Strongly Type

Is this program compiling?

1. #include <iostream>
2. #include <string>
4. //in a dusty corner of your library
5. #define false 1
6. #define true 0
8. using std::string;
9. using std::endl;
10. using std::cout;
12. void foo(bool aBool,bool bBool,const string& aString,const string& bString)
13. {
14.     cout << "aBool ="   << aBool << endl;
15.     cout << "bBool ="   << bBool << endl;
16.     cout << "aString =" << aString << endl;    
17.     cout << "bString =" << bString << endl;
18. }
20. int main (int argc, char *argv[])
21. {
22.     foo(false,true,"A string","B string");
23.     foo(false,"A string",true,"B string");
24.     foo("A String",false,true,"B string");
25.     return 0;
26. }

I have tried on different compilers and I haven't get any error or warning.  As you can see a function that gets two bools and two const references to string can be fed with the parameters in any order and the compiler will never complain.


If you run it you will get an output like this:

aBool =1
bBool =0
aString =A string
bString =B string
terminate called after throwing an instance of 'std::logic_error'
  what():  basic_string::_S_construct NULL not valid

Are you surprised? I was when I bumped in this error few days ago. Let's try to understand what is going on and why this meaningless code is compiling fine.
Let's start with bool. A literal string is constant at compile time and it is stored using a char*, in other words we type "A string" and the compiler stores in the constant memory a pointer (integer).
The bool type participates in integral promotions. An r-value of type bool can be converted to an r-value of type int, with false becoming zero and true becoming one. So, it is not surprising that  a literal string can be automatically converted to a bool type.
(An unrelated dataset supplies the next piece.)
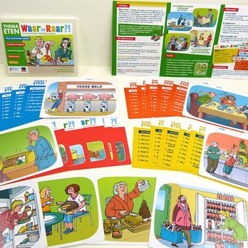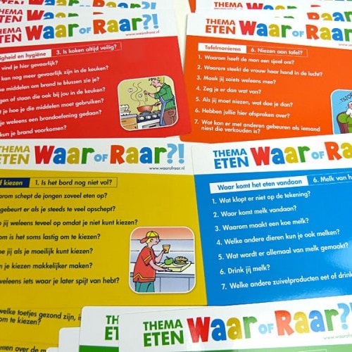 Aansluitend bij de koffer ‘Ik Kies Mijn Eten’, zijn meerdere spelmethode ontwikkeld, waaronder ‘Waar of Raar – Thema Eten’. Een spel over alledaagse situaties rond eten. De kaarten met vragen en uitdagende en soms ‘rare’ tekeningen brengen leerlingen en cliënten op een leuke speelse manier met elkaar in gesprek. De vraag ‘Is dit Waar of Raar?’ is een onweerstaanbare uitnodiging tot gesprek. De dertig kaarten, met aan de ene zijde afbeeldingen en aan de andere zijde vragen, maken het makkelijker om met leerlingen, cursisten en cliënten in gesprek te gaan over waarden en normen, hygiëne en veiligheid, gezondheid, keuzes, zelfregie en deelname aan de maatschappij. Onderwerpen zijn o.a.: waar komt het eten vandaan; veiligheid en hygiëne In de keuken; gezond of ongezond; tafelmanieren en zelf eten kiezen.

Let's face the hard bit now. The std::string class has got this available constructors:

1. string ( );
2. string ( const string& str );
3. string ( const string& str, size_t pos, size_t n = npos );
4. string ( const char * s, size_t n );
5. string ( const char * s );
6. string ( size_t n, char c );

Let's exclude the n. 1, 3, 4, 6 because they are using more than one parameter, so they are not suitable candidates for the implicit conversion. We need to choose between the copy constructor  (const reference of string) and the overload of the constructor that takes const char*. 


Who is guilty? At this point we still don't know, but we can do some speculation and try to perform a test that can give us an answer. The standard says that a reference CANNOT be null, must always pointing to something. If you have sharp eyes, you have already noticed that we substituted the string parameter with 0 (remember #define true 0). So it cannot be the copy constructor because a reference CANNOT be null. If we write:

1. foo(false,"A string",false,"B string");

The compiler will spot the error:

StronglyType/main.cpp(0,0): Error: invalid conversion from ‘int’ to ‘const char*’ (StronglyType)

The same problem will occur if the function foo has different signature (accepting string by value instead of by reference).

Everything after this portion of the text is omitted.